Available data Block Start

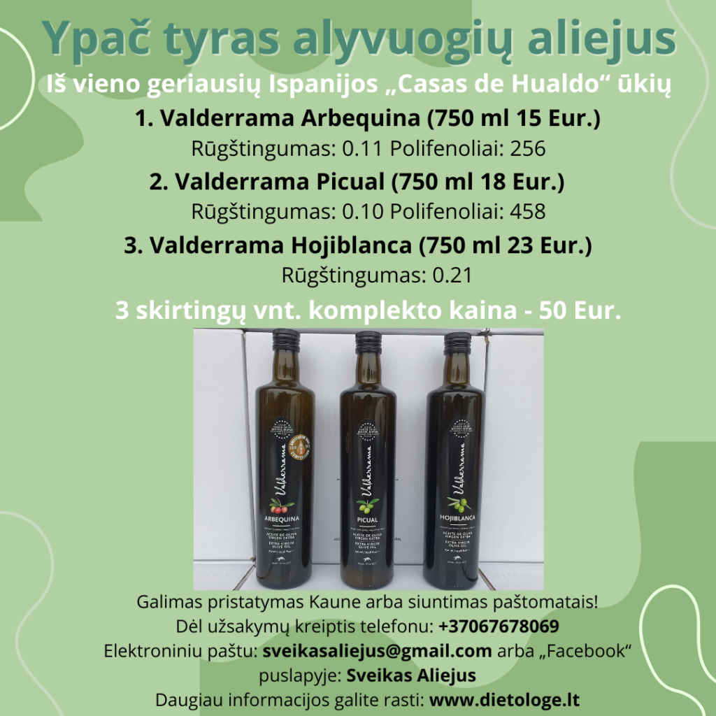 Siūlome pigiausiai rinkoje, ypač tyrą, alyvuogių aliejų su dideliu polifenolių kiekiu ir žemu rūgštingumu iš vieno geriausių Ispanijos „Casas De Hualdo“ ūkių. Trijų skirtingų alyvuogių rūšių aliejaus po 750 ml komplekto kaina 50,-eur. Galima įsigyti ir po 1 butelį kainos pateiktos žemiau.
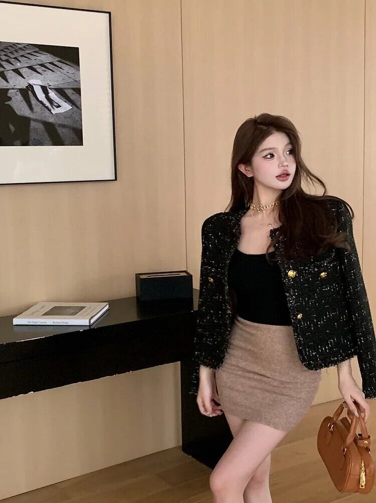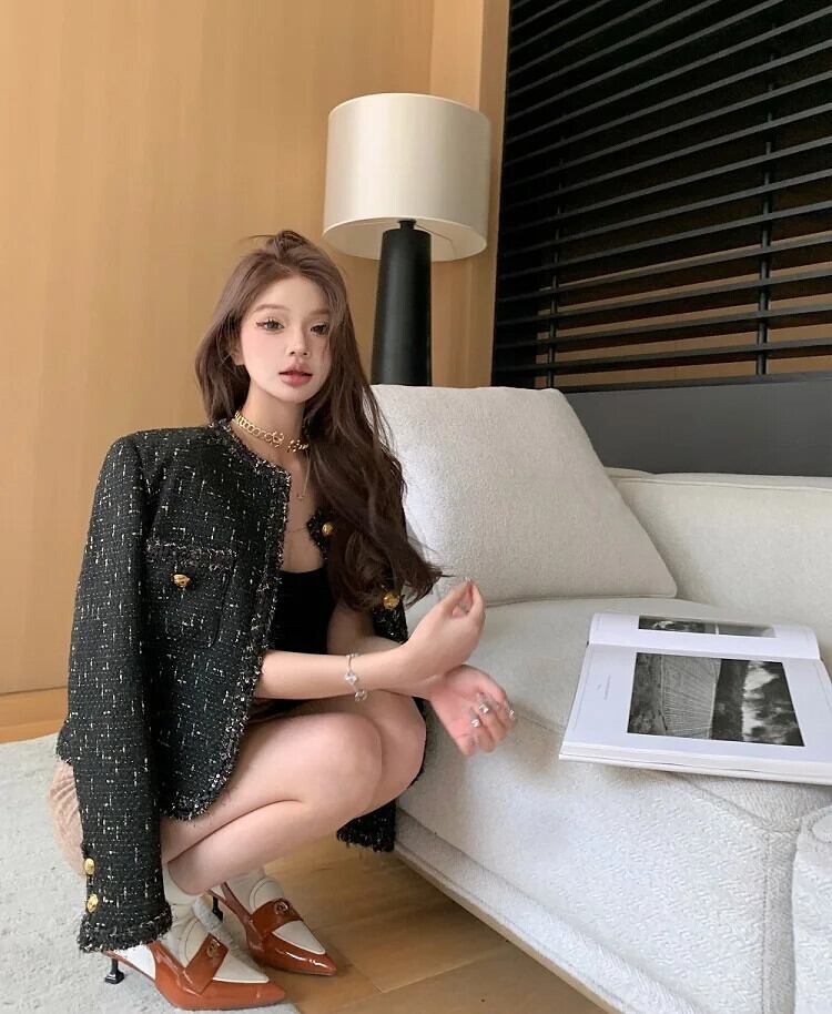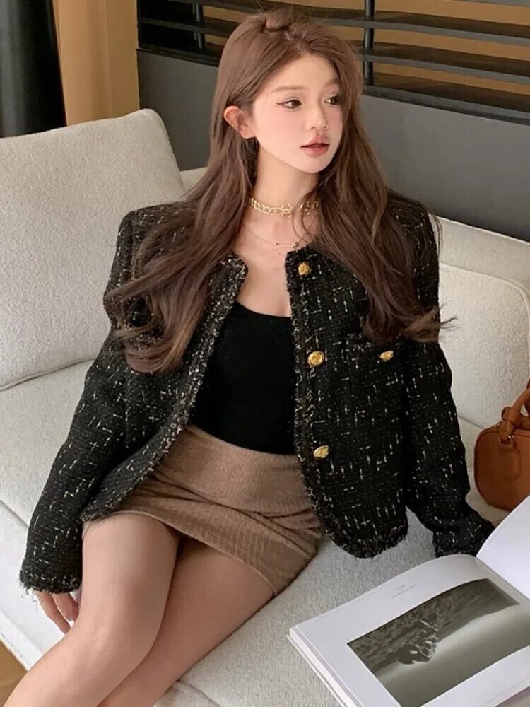 秋冬フレンチツイードジャケット高級ウールショートコート Casacos 生き抜くトップス Chaquetas ウィンター 冬物
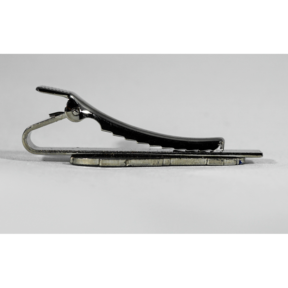 2-D hard emaille pin op een ondergrond van zilverkleurig metaal gezet op een krokodillebek dasspeld met opzetstukje. De dasspeld zelf is 55mm lang, de Sgmm is 40mm lang en 17mm hoog.
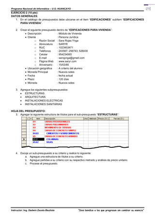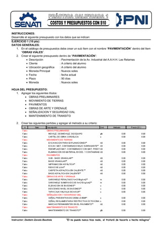 El documento presenta instrucciones para desarrollar dos presupuestos en un software de presupuestos. El primer presupuesto es para la pavimentación de una avenida e incluye secciones como obras preliminares, movimiento de tierras, pavimentos, obras de arte y drenaje, señalización y seguridad vial, y mantenimiento de tránsito. El segundo presupuesto es para un módulo de vivienda e incluye subpresupuestos de estructuras, arquitectura, instalaciones eléctricas e instalaciones
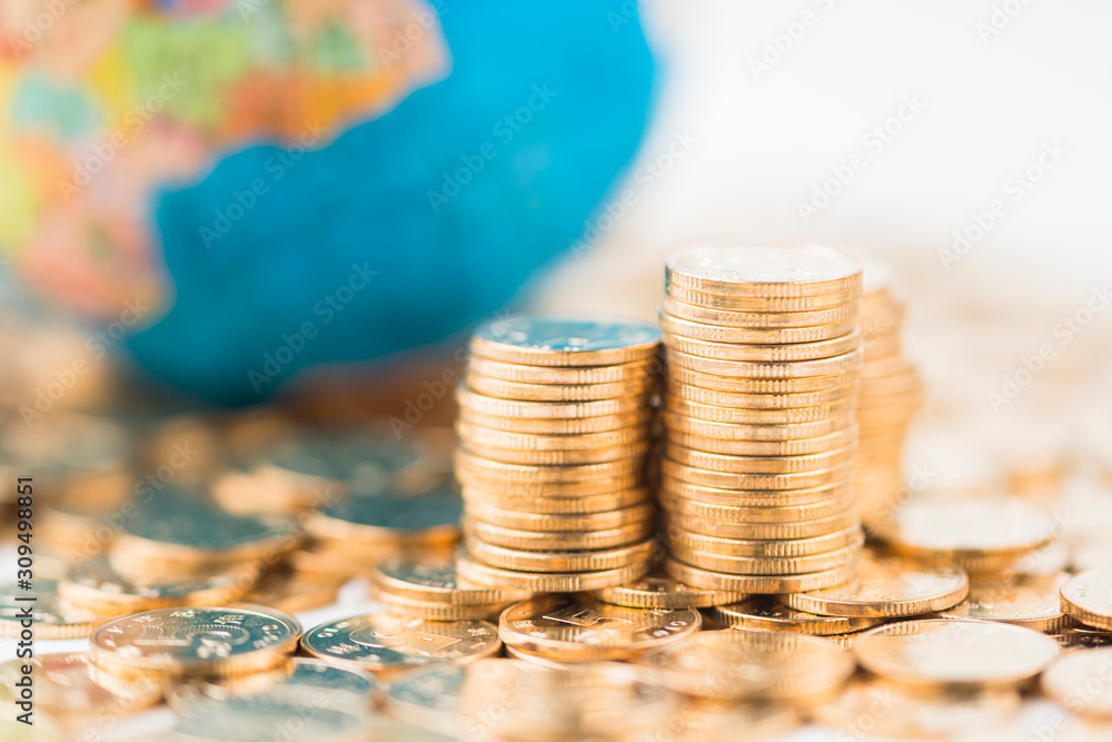 Stacks of gold COINS, a globe, and a silver key lay together.
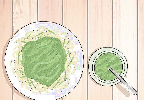 Make pesto sauce with spirulina. Pesto sauce pairs perfectly with spirulina because it already has an earthy, nutty flavor. Sprinkle some in to complement the taste. Do a flavor test to find the right amount, then pour the sauce over fresh pasta. Pesto is also a great sauce for dipping bread or using on vegetarian pizzas. You could also use spirulina in other earthy pasta sauces, like ones with mushrooms or truffles.
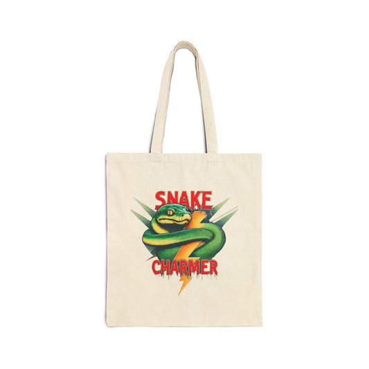 Snake Charmer Cotton Canvas Tote Bag, Eco-Friendly Shopper, Unique Gift for Her, Vintage-Style Bag, Travel & Grocery Tote
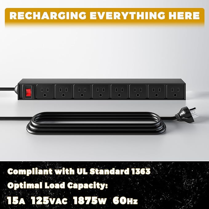 - Efficient Storage: The KAFAHOM Electric Tool Rack is designed with three tiers and eight dedicated slots to efficiently store your electric tools. The top tier features a built-in charging station, enabling direct charging while tools are stored.The power cord is 7 FT long 14AWG,and the charging station is 15A 125VAC 1875W 60Hz.

Available data Block End

Instructions for the task |
Leaving pictures aside, give again word for word each line from the one with "秋冬フレンチツイードジャケット高級ウールショートコート Casacos 生き抜くトップス" to the final line of the entries.

Task solution |
 秋冬フレンチツイードジャケット高級ウールショートコート Casacos 生き抜くトップス Chaquetas ウィンター 冬物
 2-D hard emaille pin op een ondergrond van zilverkleurig metaal gezet op een krokodillebek dasspeld met opzetstukje. De dasspeld zelf is 55mm lang, de Sgmm is 40mm lang en 17mm hoog.
 El documento presenta instrucciones para desarrollar dos presupuestos en un software de presupuestos. El primer presupuesto es para la pavimentación de una avenida e incluye secciones como obras preliminares, movimiento de tierras, pavimentos, obras de arte y drenaje, señalización y seguridad vial, y mantenimiento de tránsito. El segundo presupuesto es para un módulo de vivienda e incluye subpresupuestos de estructuras, arquitectura, instalaciones eléctricas e instalaciones
 Stacks of gold COINS, a globe, and a silver key lay together.
 Make pesto sauce with spirulina. Pesto sauce pairs perfectly with spirulina because it already has an earthy, nutty flavor. Sprinkle some in to complement the taste. Do a flavor test to find the right amount, then pour the sauce over fresh pasta. Pesto is also a great sauce for dipping bread or using on vegetarian pizzas. You could also use spirulina in other earthy pasta sauces, like ones with mushrooms or truffles.
 Snake Charmer Cotton Canvas Tote Bag, Eco-Friendly Shopper, Unique Gift for Her, Vintage-Style Bag, Travel & Grocery Tote
 - Efficient Storage: The KAFAHOM Electric Tool Rack is designed with three tiers and eight dedicated slots to efficiently store your electric tools. The top tier features a built-in charging station, enabling direct charging while tools are stored.The power cord is 7 FT long 14AWG,and the charging station is 15A 125VAC 1875W 60Hz.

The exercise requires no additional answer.